You can read all about Ankiel’s story in his surprisingly compelling autobiography — which I wrote about for The Atlantic — and if you’re afraid of books, a documentary called Truth Be Told: The Rick Ankiel Story is airing on Fox Sports 1 all this month. It’s quite a tale. It is the totality of sports in miniature: Talent, dedication, achievement, adversity, tragedy, resilience, perseverance, triumph, more adversity, more resilience, more achievement, more glory, more pain … and all mysterious, inexplicable, unknowable.
But I am a part of this story. There is no athlete I have written about more, and more personally, than Rick Ankiel. I was writing about Rick Ankiel before anyone ever paid me to write anything. I used to write about him for Deadspin on a near daily basis, from his second retirement to his comeback to his breakthrough to his connection to HGH to all of it. I used to wear my ANKIEL 66 jersey to every Cardinals game I went to, even before he made his comeback, even before anyone thought he’d ever try.
I wrote about Ankiel so often that one day, around 2008 or so, I got an email from a woman named Lory. She, as it turned out, is Rick Ankiel’s wife. The email was funny and lighthearted but also curious. She had heard about this website that wrote about her husband all the time, and she thought she’d send an email to make sure the writers wasn’t, you know, scary. I did my best to assure her I was at least relatively normal, and we started a correspondence that has kept up sporadically through the years. (We even bought our cars from the same dealership.) Whenever Ankiel would do anything, including eventually retiring, people would always contact me. He’s your guy. We sort of couldn’t help but get somewhat connected in the public consciousness. It became a fun in-joke.

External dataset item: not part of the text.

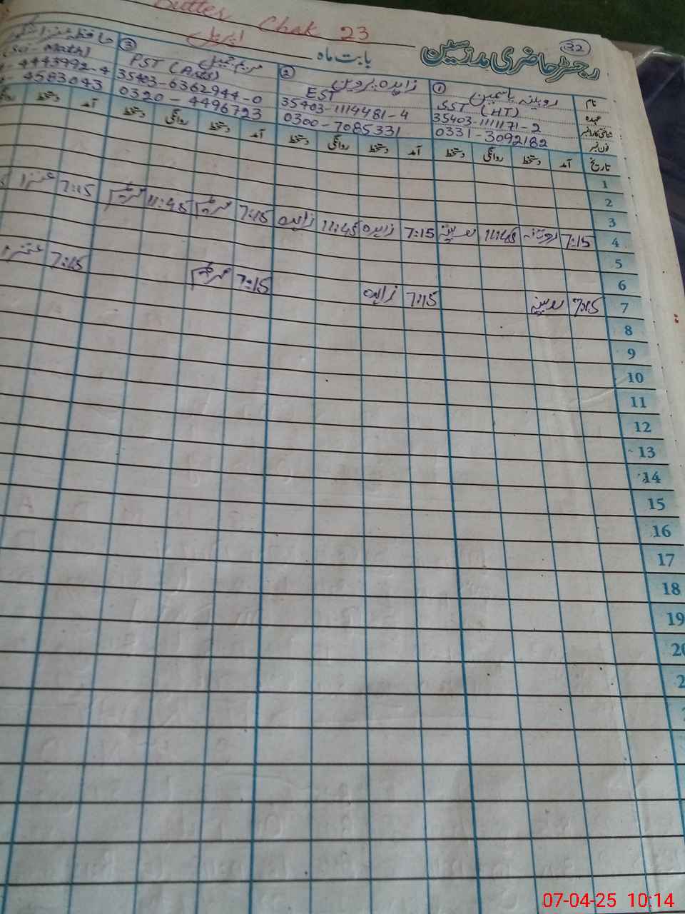 | Name: FA**** PE**** Designation: (School Headmaster's/Headmistress's) PST Phone/Cell Number: 03**** |

When Ankiel’s book came out in 2017, I had him on my old Sports On Earth podcast, and a large part of our conversation ended up being about how often people kept bringing the other up to each of us. He was genuine and kind and funny and relaxed in a way the famously-media-shy player never was when he was an active player. (He even turned out to be a good broadcaster for Fox Sports, which I would have never seen coming.) I didn’t really know him. But I liked him. We stayed in touch. And considering all he had gone through … I found myself feeling real, human concern for him. He wasn’t just a player I cheered for. He, and his story, was a lot more than that. I had to admit it.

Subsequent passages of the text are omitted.